==== DATA SHOWN ====

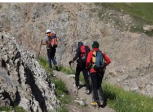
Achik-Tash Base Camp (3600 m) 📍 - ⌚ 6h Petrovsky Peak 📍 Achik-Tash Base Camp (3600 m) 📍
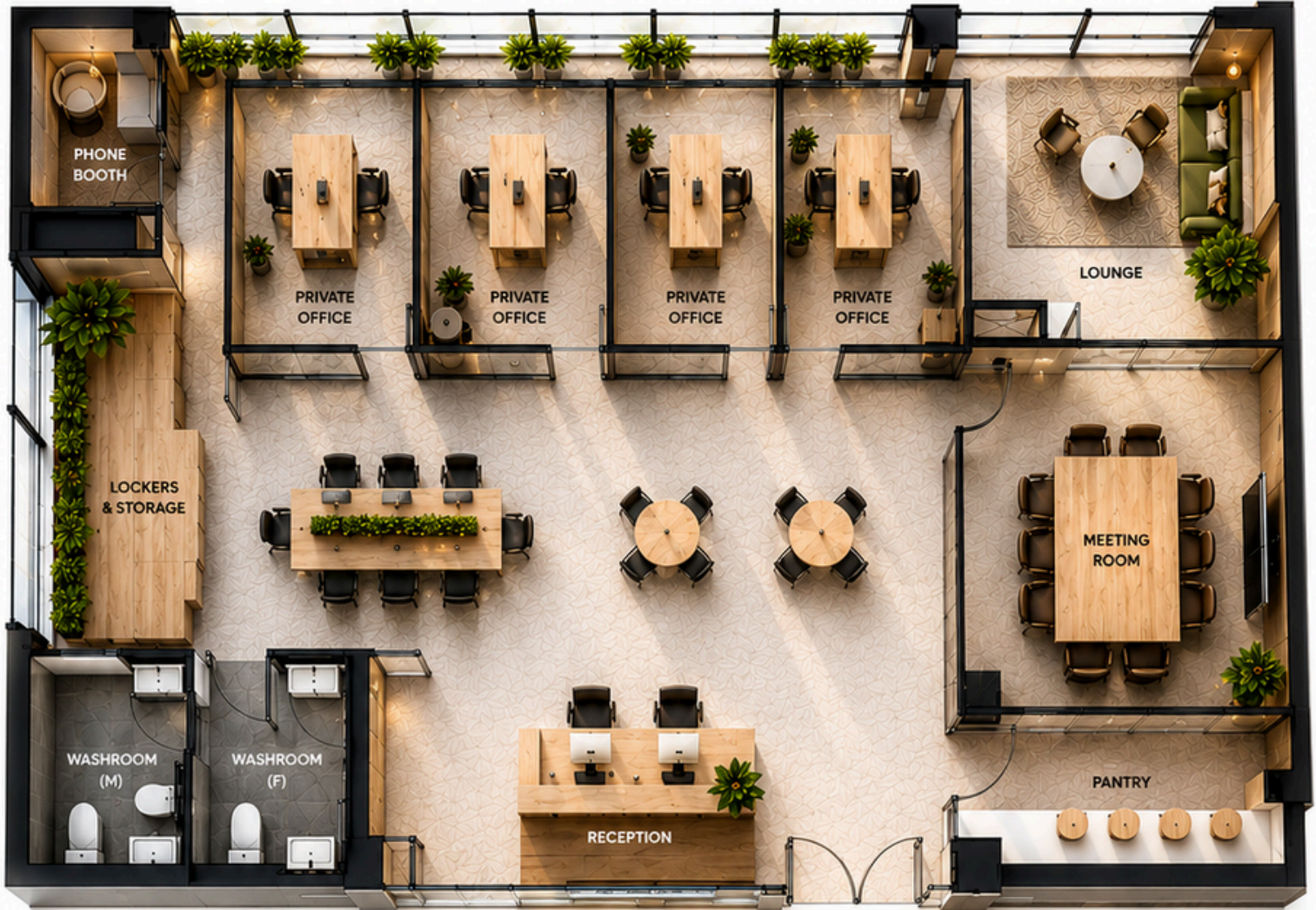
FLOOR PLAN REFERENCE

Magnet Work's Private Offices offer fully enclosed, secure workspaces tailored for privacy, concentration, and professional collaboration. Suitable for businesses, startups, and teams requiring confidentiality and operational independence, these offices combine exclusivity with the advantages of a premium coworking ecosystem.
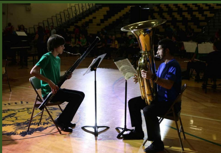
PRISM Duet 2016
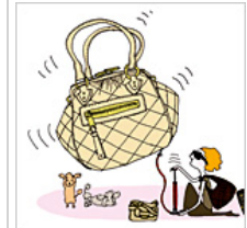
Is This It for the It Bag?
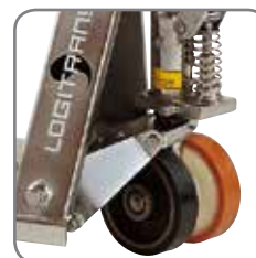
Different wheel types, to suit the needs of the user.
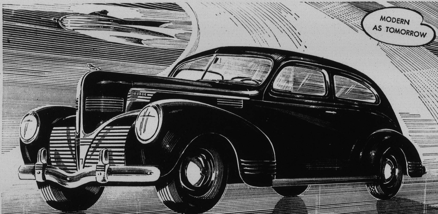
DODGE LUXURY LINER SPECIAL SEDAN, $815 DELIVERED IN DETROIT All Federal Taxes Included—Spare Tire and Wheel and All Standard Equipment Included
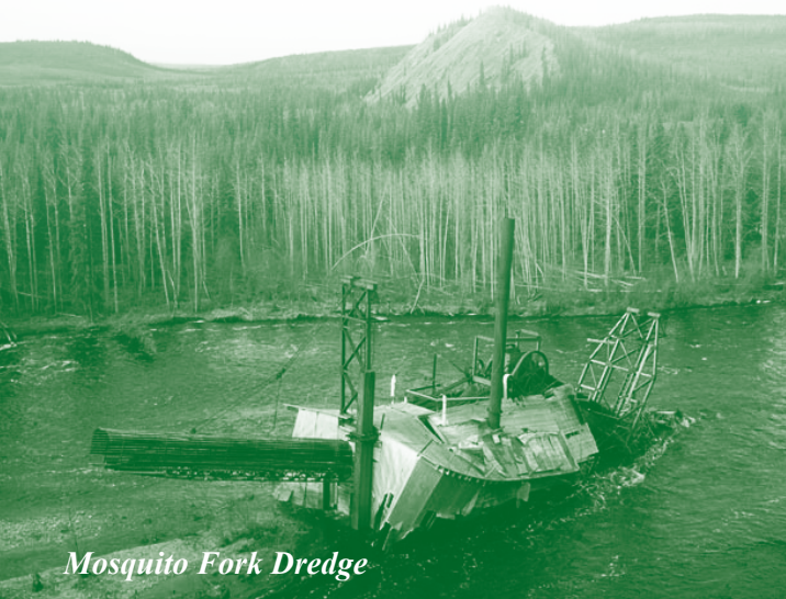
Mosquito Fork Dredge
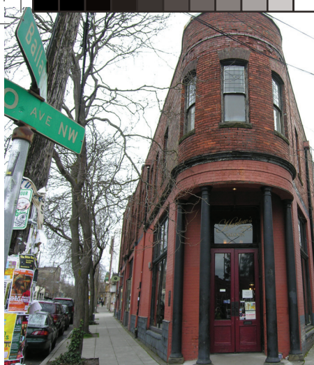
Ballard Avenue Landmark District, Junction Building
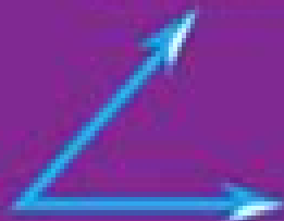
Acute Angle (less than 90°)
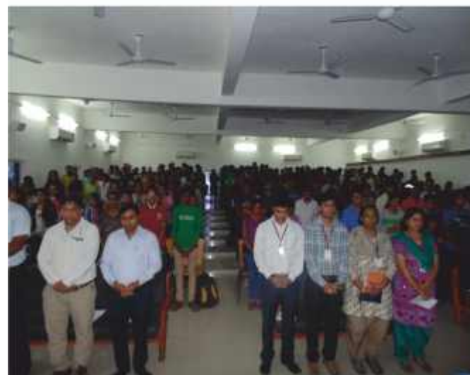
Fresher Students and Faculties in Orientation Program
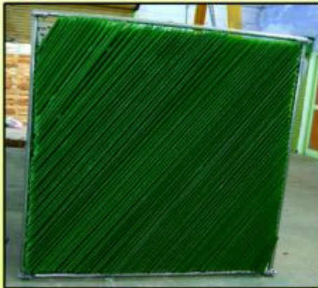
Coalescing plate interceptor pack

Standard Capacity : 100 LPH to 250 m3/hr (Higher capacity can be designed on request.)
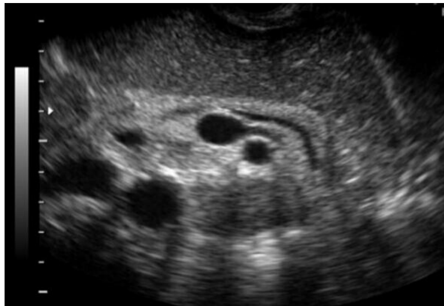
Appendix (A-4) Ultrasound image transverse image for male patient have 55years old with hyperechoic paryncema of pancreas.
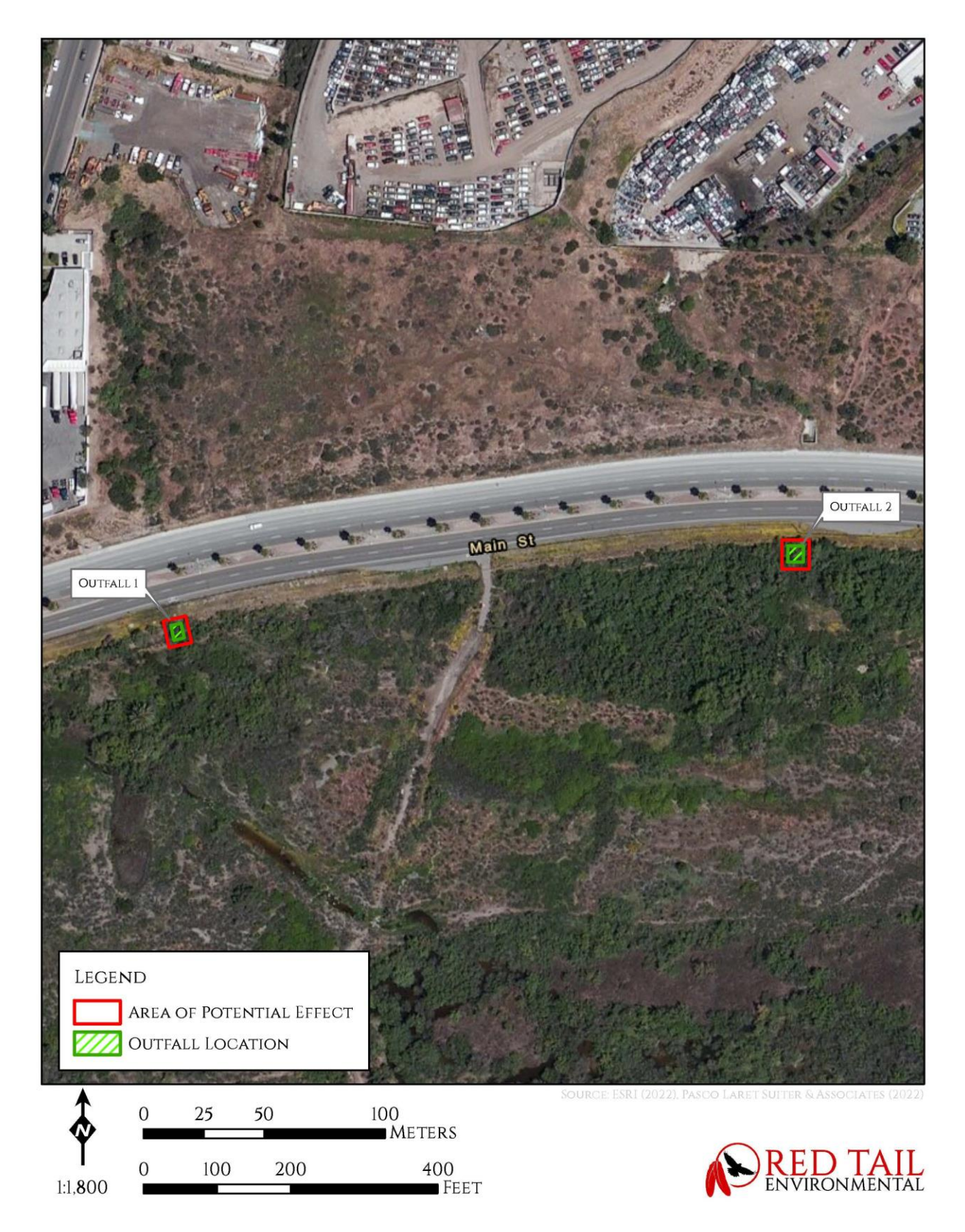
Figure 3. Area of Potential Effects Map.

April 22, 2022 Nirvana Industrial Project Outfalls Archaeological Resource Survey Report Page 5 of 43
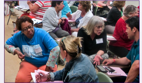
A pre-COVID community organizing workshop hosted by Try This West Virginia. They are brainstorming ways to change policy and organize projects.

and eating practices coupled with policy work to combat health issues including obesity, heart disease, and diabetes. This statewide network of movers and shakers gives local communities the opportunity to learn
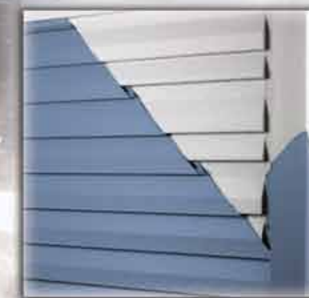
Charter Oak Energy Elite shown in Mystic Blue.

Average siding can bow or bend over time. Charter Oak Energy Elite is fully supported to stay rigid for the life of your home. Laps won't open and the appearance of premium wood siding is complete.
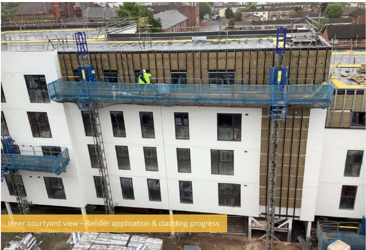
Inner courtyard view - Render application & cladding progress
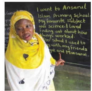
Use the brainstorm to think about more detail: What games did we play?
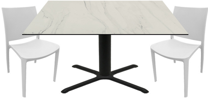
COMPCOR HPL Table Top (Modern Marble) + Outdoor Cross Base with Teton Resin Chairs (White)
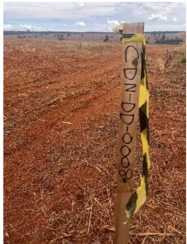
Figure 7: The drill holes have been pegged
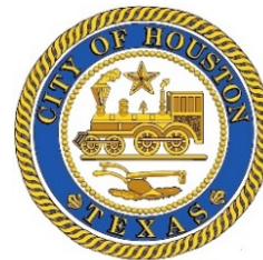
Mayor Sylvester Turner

====

WORK ITEM: Collect the complete line wherever the string "have" appears in the records.

SOLUTION TO THIS EXERCISE:
Appendix (A-4) Ultrasound image transverse image for male patient have 55years old with hyperechoic paryncema of pancreas.
Figure 7: The drill holes have been pegged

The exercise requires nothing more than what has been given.